Work instruction –
Please write out the entire listing below exactly, excluding its pictures.

Collected data –
========================================
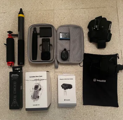 Vend caméra insta 360x4. Avec étui, perche, trépied, poignée de selfie, double batterie, caisson de plongée, etc … le tout neuf.
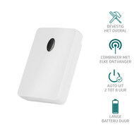 Let op: de schemer sensor is alleen te gebruiken in combinatie met AAN-UIT ontvangers met een automatisch codesysteem (niet met dim ontvangers).1x schemer sensor voor binnen en buiten Zendt een signaal naar een KlikAan-KlikUit ontvanger zodra het ingestelde schemerniveau overschreden wordt Hierdoor kunnen lampen of andere apparatuur aangeschakeld worden in combinatie met een KlikAan-KlikUit ontvanger Op iedere gewenste plaats te bevestigen, ook buiten Waterdichte behuizing, voldoet aan IP-56 norm Geen gedoe met draden of hoge spanning Automatisch codesysteem Instelbaar schemerniveau Instelbare uitschakeltijd Zendbereik tot ontvanger: minimaal 30 meter Voeding: 2 x 1,5 volt alkaline batterij type AAA (niet meegeleverd) Zendfrequentie 433,92 MHz Dit product is alleen te combineren met producten die over een automatisch codesysteem beschikken, te herkennen aan een typenummer beginnend met de letter A. Handleiding.
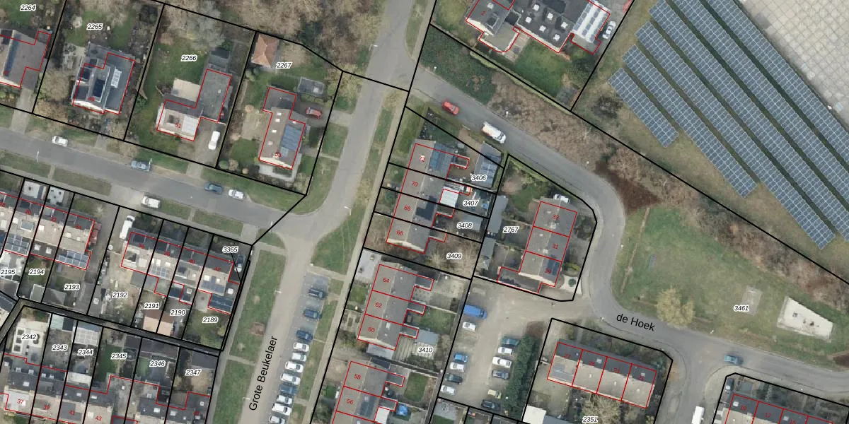 Gebruik de zoekbalk of klik op een perceel voor informatie over de adressen binnen dit perceel.
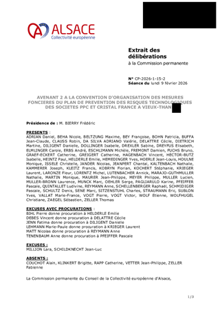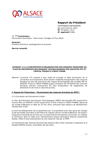 L'avenant n°2 proposé a pour objet de proroger le délai d'exécution de la convention du 8 septembre 2015 portant modalités d'organisation des mesures foncières du plan de prévention des risques technologiques des sociétés PPC et CRISTAL France à VIEUX-THANN jusqu'à exécution de l'ensemble des mesures foncières prévues (comprenant les frais d'acquisition, de diagnostics, de démolition et de mise en sécurité du site).
========================================
Answer to this task –
 Vend caméra insta 360x4. Avec étui, perche, trépied, poignée de selfie, double batterie, caisson de plongée, etc … le tout neuf.
 Let op: de schemer sensor is alleen te gebruiken in combinatie met AAN-UIT ontvangers met een automatisch codesysteem (niet met dim ontvangers).1x schemer sensor voor binnen en buiten Zendt een signaal naar een KlikAan-KlikUit ontvanger zodra het ingestelde schemerniveau overschreden wordt Hierdoor kunnen lampen of andere apparatuur aangeschakeld worden in combinatie met een KlikAan-KlikUit ontvanger Op iedere gewenste plaats te bevestigen, ook buiten Waterdichte behuizing, voldoet aan IP-56 norm Geen gedoe met draden of hoge spanning Automatisch codesysteem Instelbaar schemerniveau Instelbare uitschakeltijd Zendbereik tot ontvanger: minimaal 30 meter Voeding: 2 x 1,5 volt alkaline batterij type AAA (niet meegeleverd) Zendfrequentie 433,92 MHz Dit product is alleen te combineren met producten die over een automatisch codesysteem beschikken, te herkennen aan een typenummer beginnend met de letter A. Handleiding.
 Gebruik de zoekbalk of klik op een perceel voor informatie over de adressen binnen dit perceel.
 L'avenant n°2 proposé a pour objet de proroger le délai d'exécution de la convention du 8 septembre 2015 portant modalités d'organisation des mesures foncières du plan de prévention des risques technologiques des sociétés PPC et CRISTAL France à VIEUX-THANN jusqu'à exécution de l'ensemble des mesures foncières prévues (comprenant les frais d'acquisition, de diagnostics, de démolition et de mise en sécurité du site).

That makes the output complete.